= San Jacinto Capt =

Influential figure in the formation of Christian Identity

San Jacinto Capt (April 21, 1889 – September 23, 1964) was an influential figure in the formation of the Christian Identity, a white supremacist interpretation of Christianity. He was a former Klansman, pyramidologist, and an advocate of Anglo-Israelism.

He was born in Devine, Texas. As of 1918, he was married and had one child. Capt was the father of archaeologist E. Raymond Capt, who was also involved in Identity groups. He was listed as a Fresno-area member of the Ku Klux Klan in 1922, after Fresno Klan headquarters in the area were raided and their names were found. He co-owned the Center State printing company with another member of the KKK in 1923.

Capt is responsible for converting William Potter Gale to Christian Identity and facilitated his initial training. According to Gale's interviews with journalist Cheri Seymour, Capt began meeting with him in his home in 1953. Gale and Capt began teaching groups together, Gale would teach the Constitution and the Bible, while Capt would teach pyramidology and Egyptology. Capt was the membership and precinct chairman of the Constitution Party, which ran Gale as a write-in candidate for governor of California. Capt headed Gale's campaign.

Capt is also credited with introducing William Potter Gale to Wesley Swift, two of the most notable figures in the formation of Christian Identity from British Israelism. Capt had formed a pyramid study group in Temple City, California. Capt's role in the Southern California emergence of Christian Identity was to provide Swift with an audience that was receptive to the message. (Note: Much of the early history of Christian Identity's emergence in Southern California is clouded by second-hand accounts from Identity figures such as William Potter Gale. Early on, Gale was very close to Wesley Swift, but they became bitter enemies in later years. Thus, recollections from Gale must be considered with care. Gale wrote his history after Swift's death, leaving no one to counter his version, and much of his story was publicized later through extended interviews with reporter Cheri Seymour.)
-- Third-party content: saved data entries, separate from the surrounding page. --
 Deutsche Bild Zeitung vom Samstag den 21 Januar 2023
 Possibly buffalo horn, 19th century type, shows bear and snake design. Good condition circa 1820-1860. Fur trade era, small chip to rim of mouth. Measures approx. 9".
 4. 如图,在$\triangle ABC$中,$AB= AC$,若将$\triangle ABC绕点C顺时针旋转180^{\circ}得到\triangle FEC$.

It is likely that Capt was responsible for the initial idea of the Christian Defense League. According to Gale's recollections, it was Capt who conceived of the idea for the CDL. This, according to Gale, occurred sometime between 1957 and 1962.
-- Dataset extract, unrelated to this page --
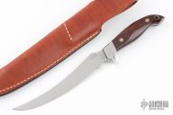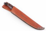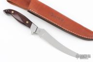 This Fish Hawk by Lakota was produced by Moki. It features a satin finished blade with .086" blade stock and 1.030" blade depth, full tang construction. The handle has stainless steel bolsters, rosewood scales. Comes with a brown leather sheath and original box. Excellent condition.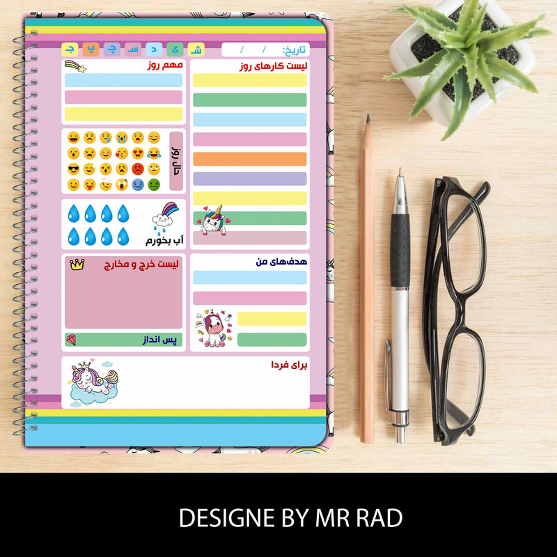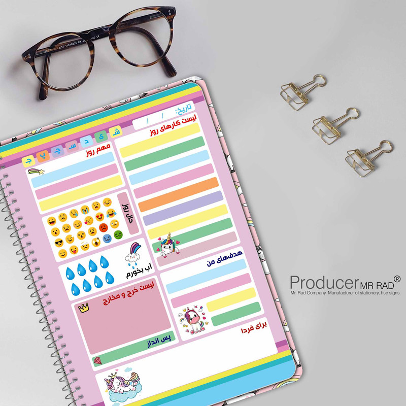 دفتر برنامه ریزی مستر راد طرح اسب تک شاخ مدل پلنر روزانه یک دفتر برنامه ریزی روزانه زیبا و کاربردی است که میتواند به شما کمک کند تا زندگی منظم و هدفمندی داشته باشید. این دفتر دارای طرحی زیبا، ابعاد مناسب، صفحات کاربردی و کیفیت خوب است.

Capt, along with Wesley Swift, is credited with bringing the two seedline theology into Christian Identity by Jeffrey Weakly in his book The Satanic Seedline, Its Doctrine and History.

==Sources==
- Barkun, Michael (1997). "Religion and the Racist Right: The Origins of the Christian Identity Movement"
- Kaplan, Jeffrey (2000). "Encyclopedia of White Power: A Sourcebook on the Radical Racist Right"
- Levitas, Daniel (2004). "The Terrorist Next Door: The Militia Movement and the Radical Right"
- Seymour, Cheri (1991). "Committee of the States: Inside the Radical Right"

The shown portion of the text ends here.